I have also been challenged to tell someone face to face that I do not wear knickers. This is easy to do given the right environment...what you can't do is casually drop it into conversation..."Would you like a coffee? Oh and by the way I don't wear knickers any more!" Well you can, but then your friends think you have lost it! I managed to tell a colleague that I didn't have any knickers on and all she said was "Urgh I don't like that! I managed to tell a male friend...who is quite interested in my new lifestyle that I haven't worn knickers for 5 weeks. Surprisingly enough he was very pleased at the thought and he blushed...bless him! As he's so interested in my antics it was easy to tell him, afterall I'm a flirt.

I had to flash my pussy the other day. I was completely dreading the challenge. I sought the advice of a friend as to how I might complete this and off I went. So if you were at that petrol station and saw a woman filling her car, with a very short skirt blowing in the wind and bending over far more than necessary...I hope you enjoyed the view! ;-) I liked this challenge so much that I went and paid, came out onto the forecourt and spent some time sorting out the aerial on top of the car.

I have had to go to work braless. I work in a professional office and I did not like this one bit. Don't get me wrong...i like to be my Master's slut, but at work i like to be the career woman. So we'll have to see whether or not it does my chances of promotion any good or not!
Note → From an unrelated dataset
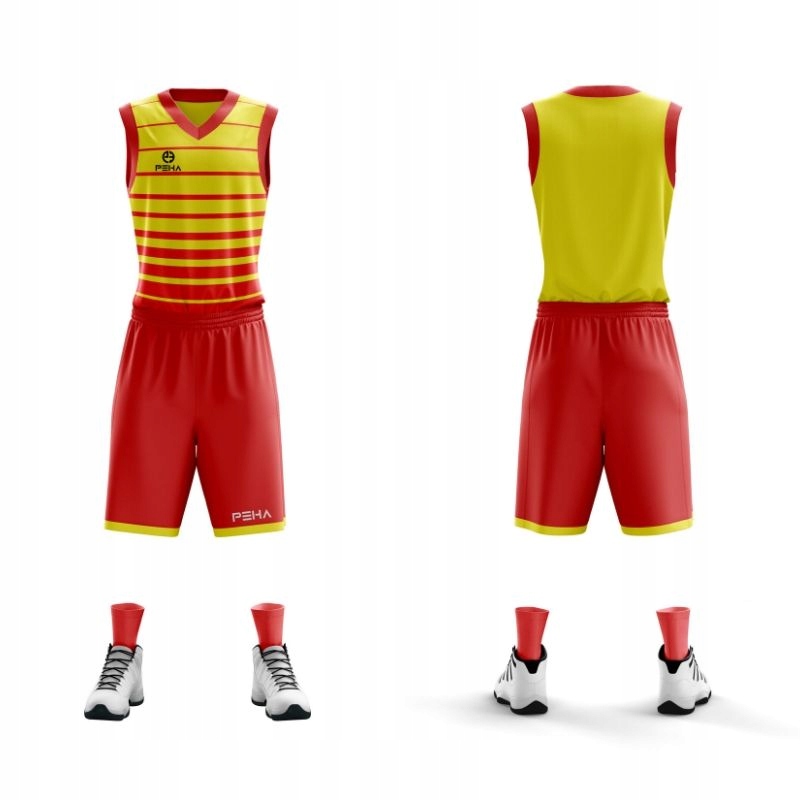 Strój koszykarski PEHA wykonany jest z najwyższej jakości materiałów typu Poliester 100% - materiał CoolMax – zwiększa wentylację i odprowadza nadmiar wilgoci z powierzchni ciała utrzymując je suche, a lekki, precyzyjnie dopasowujący się krój pozwoli na efektywniejsze wykorzystywanie energii podczas zawodów.
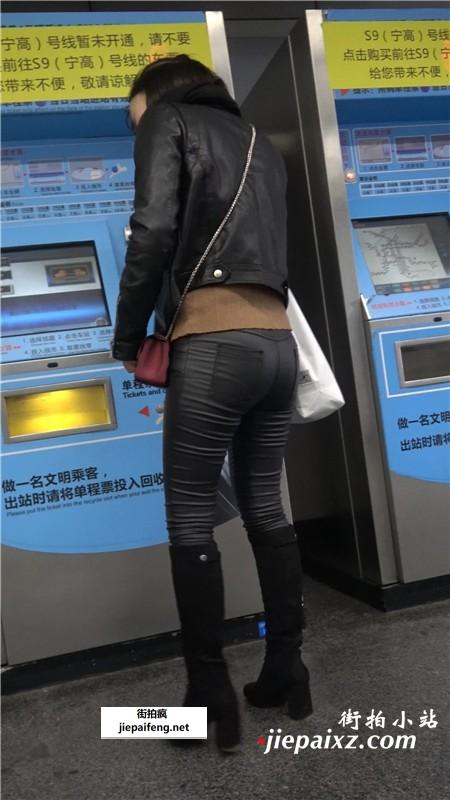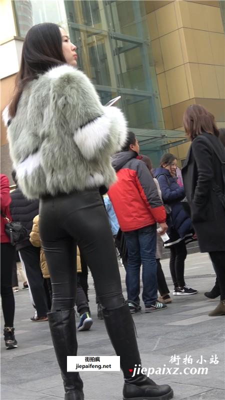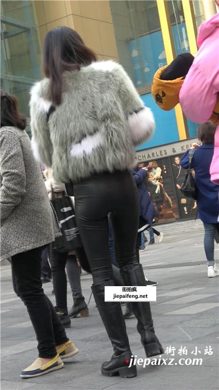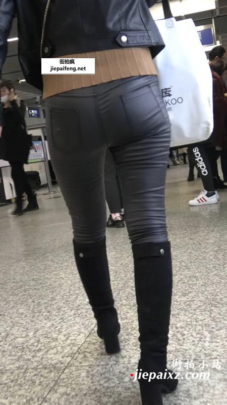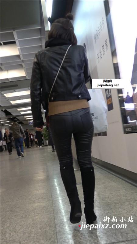 黑色皮靴街拍紧身皮裤美女 [632 MB]

Today I had to go into a shop wearing my basque and skirt with my breasts out of the cups. I was allowed to wear my coat open, covering my nipples. The shop keeper had to be male and see. I eventually found a shop that was open with a male shopkeeper. I wandered in, ensuring that my breasts were slightly on display and resisting the urge to cover my modesty. I picked up a bottle of juice and went to the counter. The shopkeeper was standing in front of his counter filling up the sweets. He made a comment (which I missed through being anxious) I replied..."I'd just like this please" He moved behind the counter to take my money. He said "You can have two," with a smile. Again I was so nervous I didn't catch on to what he was saying and asked him to repeat. This time he broke out into a broad grin. When I realised the implication of what he'd said my embarassment kicked in and I said "It's a dare." Took my change and went.